Comprehensive analysis shows that the PFN model, through a parallel coupling of multiple modules, dynamically adjusts the use of different training modules based on the input data characteristics during training, thereby automatically selecting the most suitable method for different runoff data. Therefore, the PFN model excels at handling long-distance dependencies and accurately predicting peaks while also demonstrating high accuracy in the normal variations of runoff sequences.

Table 7 Peak and valley errors in test results for experiment 2.

Full size table

Experiment 3: Verifying the superiority of the “sequence to sequence” feature input method and the impact of hyperparameter optimization on test results

Figure 9 compares the prediction results of MA-PCPFN, PCPFN, PC-PFN, and PFN models with actual observed values in three different basins and compares the distribution of predictions. Figure 9a in the figure presents the model’s experimental results on the Dongjiang Hydropower Station dataset; Fig. 9 b displays the model’s test results on the Quinebaug River dataset; and Fig. 9c shows the model’s test results on the Housatonic River dataset. The right side features a box plot illustrating the distribution of the predicted and original sequences. Table 8 shows the runtime during the training process for the PCPFN and PC-PFN models (using six processed components as an example).

(1)
Experiment 2 confirmed that PFN has a high fit for both peak and valley curves in daily runoff forecasting tasks, but there are still observable deviations when predicting peaks. To meet practical requirements within the acceptable accuracy range for short-term runoff forecasting, PC-PFN effectively separates noise from runoff data using decomposition methods, decomposing the mixed signal into a predetermined number of intrinsic mode components. These smooth components are then fed into the model for training, and the weighted results show higher prediction accuracy. As shown in the box plots in Fig. 9, the highest points of PC-PFN’s predictions are closer to observed peaks, and the overall distribution trend of predictions aligns more closely with observed values.
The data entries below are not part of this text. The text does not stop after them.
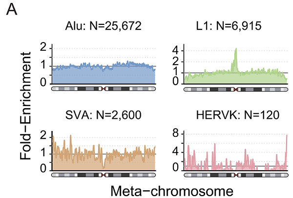 作者使用鉴定的MEI数据分析了MEI的染色体分布,发现L1插入在着丝粒附近区域有着明显的富集。着丝粒DNA附近L1插入变异的富集可能是由于着丝粒附近较多的α卫星序列造成的,相对较低的GC含量更有利于L1的插入。另一方面,考虑到以往研究发现的新着丝粒区域活跃的转座子可能有助于着丝粒的新生,作者认为L1在着丝粒区域的富集也可能存在重要的生物学意义。这一发现有待于后续的研究去探明。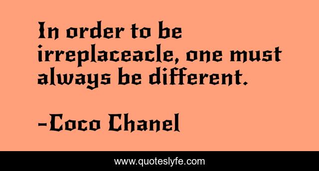 This page presents the quote "In order to be irreplaceacle, one must always be different.". Author of this quote is Coco Chanel. .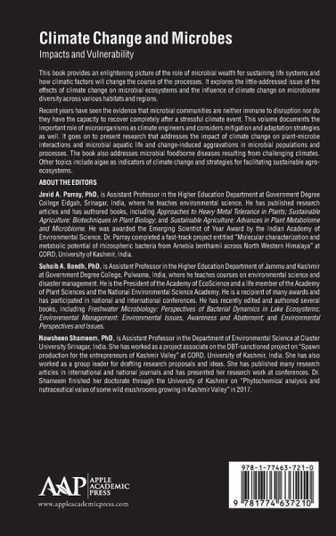 Javid A. Parray, PhD, is Assistant Professor in the Higher Education Department at Government Degree College Eidgah, Srinagar, India, where he teaches environmental science. He has published research articles and has authored books, including Approaches to Heavy Metal Tolerance in Plants; Sustainable Agriculture: Biotechniques in Plant Biology; and Sustainable Agriculture: Advances in Plant Metabolome and Microbiome. He was awarded the Emerging Scientist of Year Award by the Indian Academy of Environmental Science. Dr. Parray completed a fast-track project entitled "Molecular characterization and metabolic potential of rhizospheric bacteria from Arnebia benthamii across North Western Himalaya" at CORD, University of Kashmir, India. Suhaib A. Bandh, PhD, is Assistant Professor in the Higher Education Department of Jammu and Kashmir at Government Degree College, Pulwama, India, where he teaches courses on environmental science and disaster management. He is the President of the Academy of EcoScience and a life member of the Academy of Plant Sciences and the National Environmental Science Academy. He is a recipient of many awards and has participated in national and international conferences. He has recently edited and authored several books, including Freshwater Microbiology: Perspectives of Bacterial Dynamics in Lake Ecosystems; Environmental Management: Environmental Issues, Awareness and Abatement; and Environmental Perspectives and Issues . Nowsheen Shameem, PhD, is Assistant Professor in the Department of Environmental Science at Cluster University Srinagar, India. She has worked as a project associate on the DBT-sanctioned project on "Spawn production for the entrepreneurs of Kashmir Valley" at CORD, University of Kashmir, India. She has also worked as a group leader for drafting research proposals and ideas. She has published many research articles in international and national journals and has presented her research work at conferences. Dr. Shameem finished her doctorate through the University of Kashmir on "Phytochemical analysis and nutraceutical value of some wild mushrooms growing in Kashmir Valley" in 2017.

From the line chart, the visual deviation between PC-Bformer’s peak predictions and observed values is smaller. According to the conclusions in Table 6, the R² values obtained by PC-PFN after predicting the three different runoff datasets are 0.92, 0.95, and 0.94, respectively, representing improvements of 15.00%, 3.26%, and 3.30% compared to PFN predictions.
(2)
The method of feeding the processed mode components one by one into the model to predict the final ensemble prediction results significantly improves prediction accuracy. However, the periodic components in different frequency domains, when predicted one by one, may lead the model to overly adapt to the specific characteristics of a single component, failing to fully utilize the interaction effects among various features. By using decomposition methods to obtain multimodal components of flow changes and incorporating them as multi-feature inputs for runoff prediction, the model’s ability to capture complex dynamic features is optimized. PCPFN uses this method to simultaneously receive information from all relevant features, capturing correlations and potential interactions between different sequences. From the model runtime shown in Table 8, it can be seen that PCPFN’s runtime is controlled within 15 s, significantly more efficient than PC-PFN. Analyzing the results shown in Fig. 9, peak prediction results may appear higher or lower in the three stations, but these deviations are within a controllable range. PCPFN shows a high consistency between predicted and observed values for smooth values. According to the conclusions in Table 6, the R² values obtained by PCPFN after predicting the three different runoff datasets are 0.93, 0.97, and 0.97, representing improvements of 1.08%, 2.11%, and 3.19% compared to PCPFN predictions.
(3)
The PCPFN model shows efficient and superior performance in predicting three different runoff datasets, but its internal random hyperparameter variations can cause unstable differences in prediction results. The MA-PCPFN model finds the optimal hyperparameter configuration through the MA algorithm, enabling the model to capture general patterns in the data rather than features specific to the training data, accurately predicting target variables, reducing prediction errors, and improving model fit to the data. As shown in Fig. 9, MA-PCPFN performs more stably, reducing fluctuations in prediction results, particularly in different data environments, by controlling peak and valley deviations. According to the conclusions in Table 6, the R² values obtained by MA-PCPFN after predicting the three different runoff datasets are 0.97, 0.98, and 0.97. Compared to all the prediction models shown in the table, the PCPFN model optimized by the MA algorithm achieves the best prediction results.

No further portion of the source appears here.